Shelf Registration. We are obligated to file and keep effective a shelf registration statement pursuant to Rule 415 under the Securities Act with respect to all securities subject to registration rights, subject to certain exceptions.

Demand Registration. Upon the demand of certain securityholders, we are obligated to effect a resale registration under the Securities Act with respect to all or any portion of their shares subject to registration rights, subject to certain exceptions. Demand registration rights will not be triggered if there is an effective resale shelf registration statement.

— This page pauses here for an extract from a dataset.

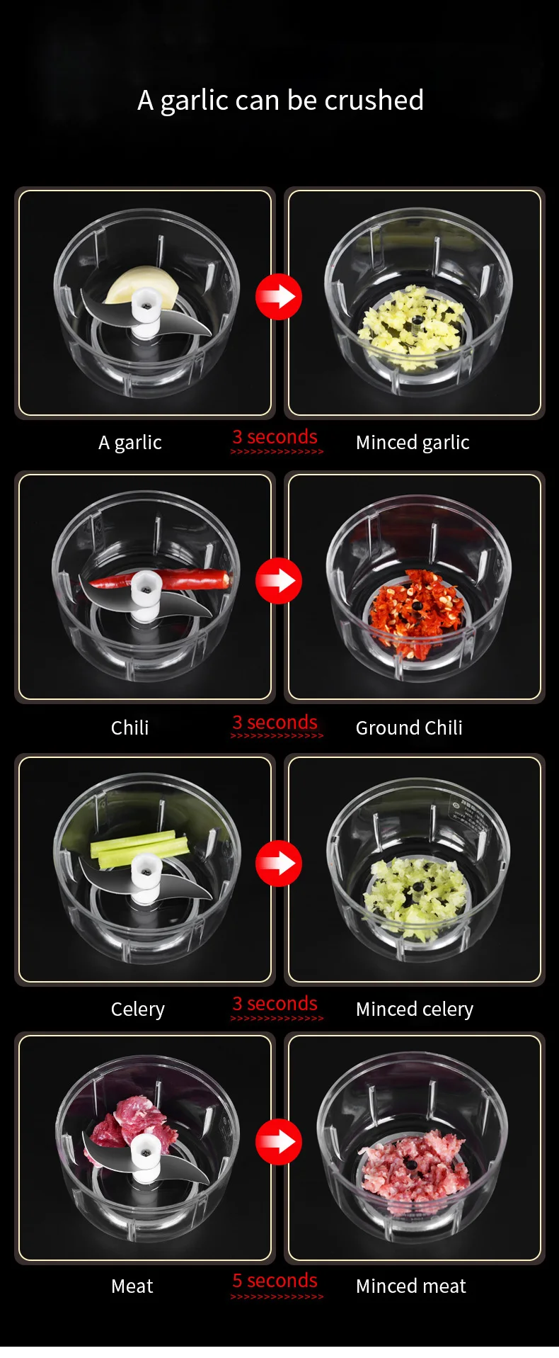 2. Прочный и прочный: лезвие из нержавеющей стали отличается прочностью и высокой эффективностью резки. Пищевой пластик в чашке не содержит BPA, может держать продукты безопасно, прочен и не содержит бактерий.

Piggyback Registration. In the event that we propose to register any of our securities under the Securities Act, either for our account or for the account of our other securityholders, holders will be entitled to certain piggyback registration rights allowing each to include its shares in the registration, subject to certain marketing and other limitations. As a result, whenever we propose to file a registration statement under the Securities Act, other than with respect to a demand registration, a registration statement on Form S-4, F-4 or S-8 and or a registration of convertible debt securities, these holders will be entitled to notice of the registration and will have the right to include their registrable securities in the registration, subject to certain limitations. Piggyback registration rights will not be triggered if there is an effective resale shelf registration statement, the registration is solely for an offering of securities by us and no other securityholder is entitled to participate in such registration.

Expenses; Indemnification. We must pay all registration expenses in connection with effecting any demand registration, piggyback registration or shelf registration. We are also subject customary indemnification and contribution provisions.

Stock Exchange Listing

Our ordinary shares are listed on Nasdaq under the symbol “IMTX.” Our warrants are listed on Nasdaq under the symbol “IMTXW.”

Transfer Agent

Continental Stock Transfer & Trust Company serves as our agent in New York to maintain our shareholders’ register on behalf of our board of directors and acts as transfer agent and registrar for the ordinary shares.